[Items from a dataset]
━━━━━━━━━━━━━━━━━━━━

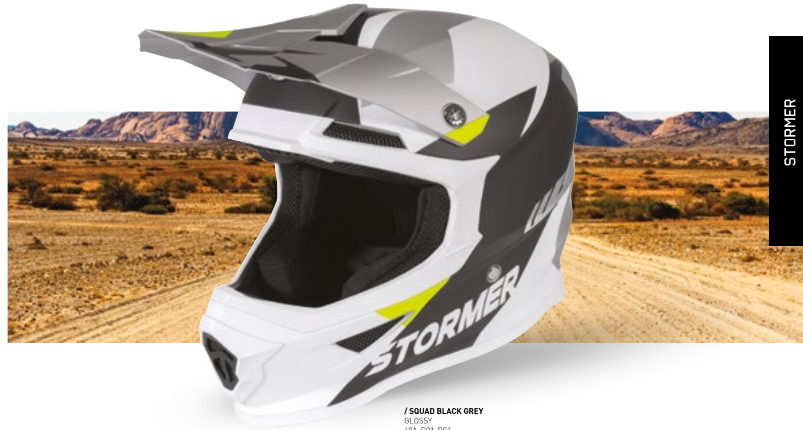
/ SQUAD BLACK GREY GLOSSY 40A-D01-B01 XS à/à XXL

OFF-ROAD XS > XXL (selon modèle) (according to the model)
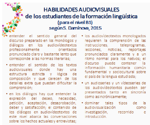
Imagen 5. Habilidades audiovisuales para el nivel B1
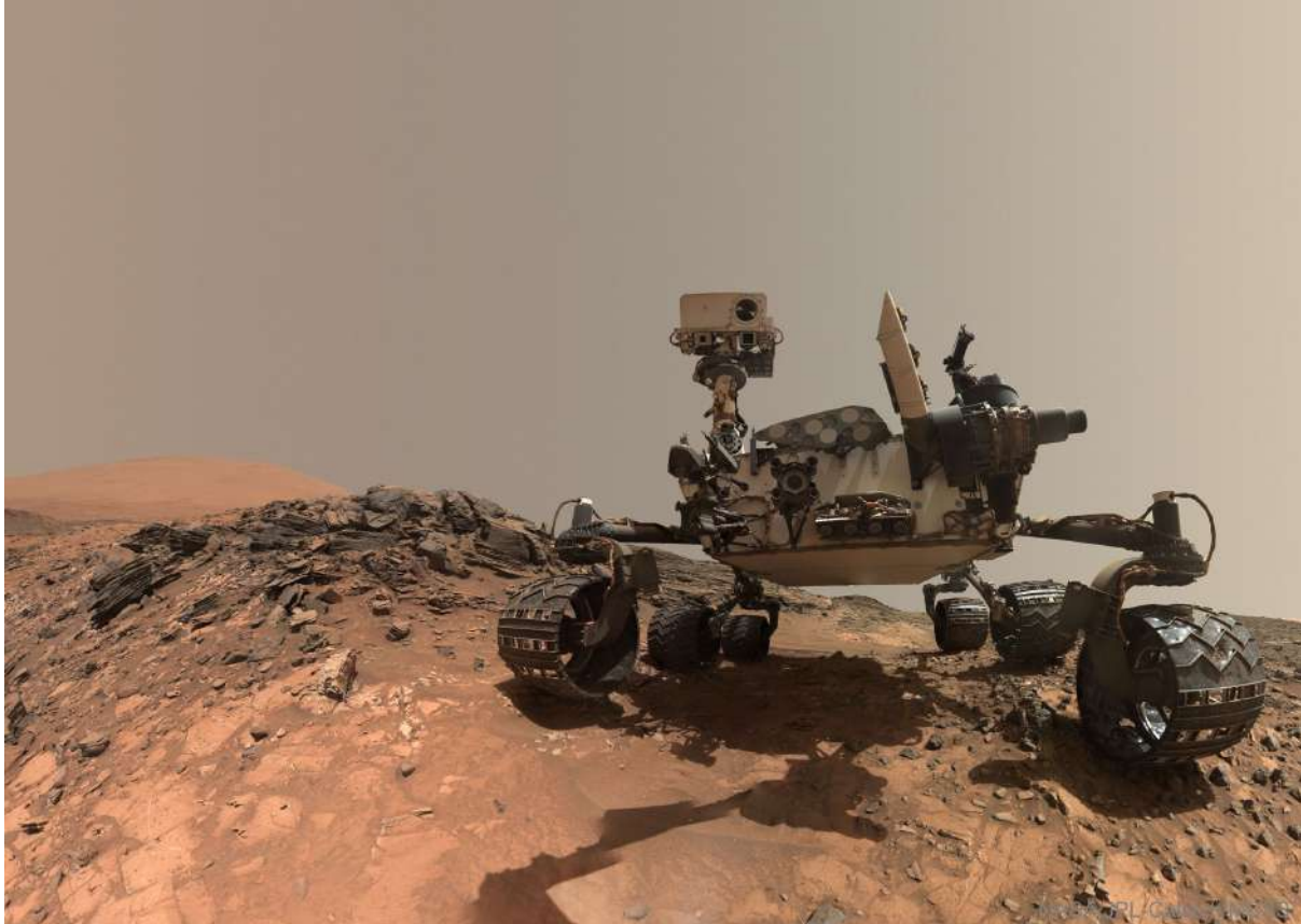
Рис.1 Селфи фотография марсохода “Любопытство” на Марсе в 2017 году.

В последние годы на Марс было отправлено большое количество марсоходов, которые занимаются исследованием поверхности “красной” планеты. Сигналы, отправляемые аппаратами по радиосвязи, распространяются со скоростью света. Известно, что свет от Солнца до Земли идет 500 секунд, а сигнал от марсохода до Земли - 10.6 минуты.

━━━━━━━━━━━━━━━━━━━━

* **TASK DIRECTIONS**: No images belong in the copy. Transcribe every record exactly.

* **EXERCISE SOLUTION**:
/ SQUAD BLACK GREY GLOSSY 40A-D01-B01 XS à/à XXL

OFF-ROAD XS > XXL (selon modèle) (according to the model)
Imagen 5. Habilidades audiovisuales para el nivel B1
Рис.1 Селфи фотография марсохода “Любопытство” на Марсе в 2017 году.

В последние годы на Марс было отправлено большое количество марсоходов, которые занимаются исследованием поверхности “красной” планеты. Сигналы, отправляемые аппаратами по радиосвязи, распространяются со скоростью света. Известно, что свет от Солнца до Земли идет 500 секунд, а сигнал от марсохода до Земли - 10.6 минуты.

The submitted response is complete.